The curious rise of anti-religious hysteria

by Frank Furedi

It is the Anglo-American cultural elites' insecurity about their own values that encourages their frenzied attacks on religion.

The verdict of my son's 10-year-old mates was that it was 'not bad', but a little bit 'boring'. Maddie, a sassy nine-year-old, said it was 'okay for young kids' but it was not in the same league as King Kong . In a few years' time, these kids will recall the unexceptional film that was Chronicles of Narnia: The Lion, The Witch and The Wardrobe and wonder why it attracted so much adult controversy.

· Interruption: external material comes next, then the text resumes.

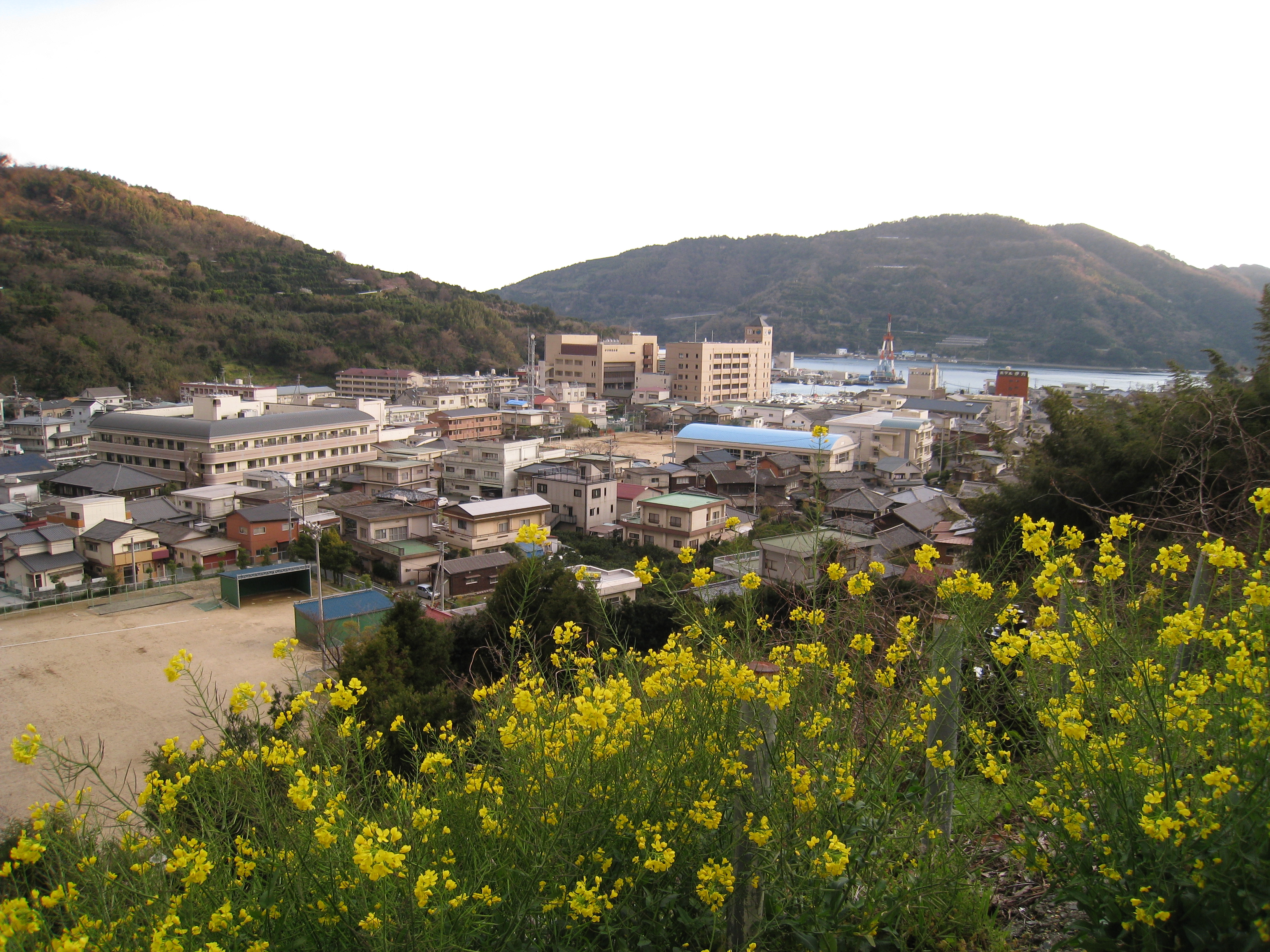 The Minatoura neighborhood of Ikata, Ehime in the springtime, as seen from Melody Line.

The intense and venomous attacks on the Disney-produced Narnia film are truly puzzling. The novelist Phillip Pullman has described CS Lewis' original book as 'one of the most ugly, poisonous things I have ever read'. With the zeal of a veteran cultural crusader Polly Toynbee of the UK Guardian cut straight to the chase: 'Narnia represents everything that is most hateful about religion.'

What Toynbee seems to find most hateful about religion is that it is able to express a powerful sense of faith. 'US born-agains are using the movie', she warned. Many critics seem especially outraged by this prospect of religious organisations 'using' the film to promote their faith. The advocacy group Media Transparency warns that the film is based on a book that has a 'frankly religious element' - which is not really surprising when you consider that the author was a well-known publicist for Christianity. What is surprising, however, is that Christians promoting Christian propaganda should invite such bitter condemnation.

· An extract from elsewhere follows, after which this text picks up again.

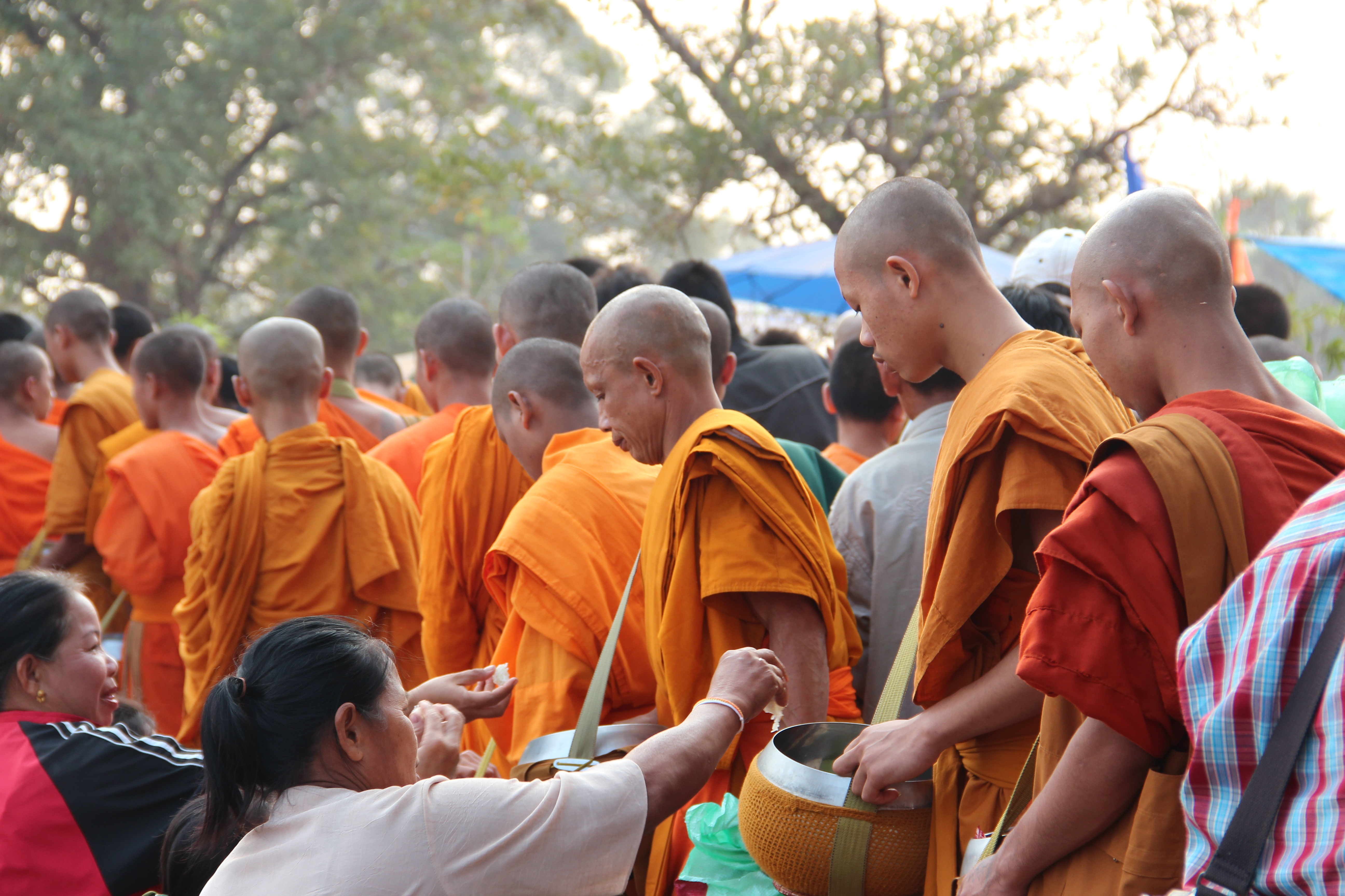 Monks collecting alms during Bun Vat Phou 2012.

First there was the controversy provoked by Mel Gibson's The Passion of the Christ in 2004, and now there is this censorious dismissal of The Lion, The Witch and The Wardrobe . Both are testaments to a potent mood of intolerance towards expressions of religious faith in popular culture today. The artistic representation of religious conviction is frequently stigmatised with terms such as 'fundamentalist', 'intolerant', 'dogmatic', 'exclusive', 'irrational' or 'right-wing'. As a secular humanist who is instinctively uncomfortable with zealot-like moralism, I am suspicious of the motives behind these doctrinaire denunciations of films with a religious message. Such fervour reminds me of the way that reactionaries in the past policed Hollywood for hints of blasphemy or expressions of 'Un-American values'. Replacing the zealotry of religious intolerance with a secular version is hardly an enlightened alternative.

I wonder how today's anti-religious crusaders would respond to The Nun's Story , the 1959 film about a woman who gives up everything to become a nun? Would it be denounced as a subversive plot to manipulate the emotions of vulnerable girls? Or a conspiracy to give fundamentalism a human face? Might it be described as a sick film with a subliminal plot that promoted the 'Just Say No' campaign?

There is little doubt that if Ben Hur (1959, starring Charlton Heston) was released today it would be denounced as a shameless attempt to promote 'muscular Christianity'. As for the wretched 1947 film Miracle on 34th Street ! Its privileging of Christmas would be crucified as a crude example of the politics of exclusion. Instead of enjoying the acclaim of the cultural elites of old, films like The Robe , Quo Vadis or The Ten Commandments are today likely to be dismissed as insidious and disturbing religious propaganda.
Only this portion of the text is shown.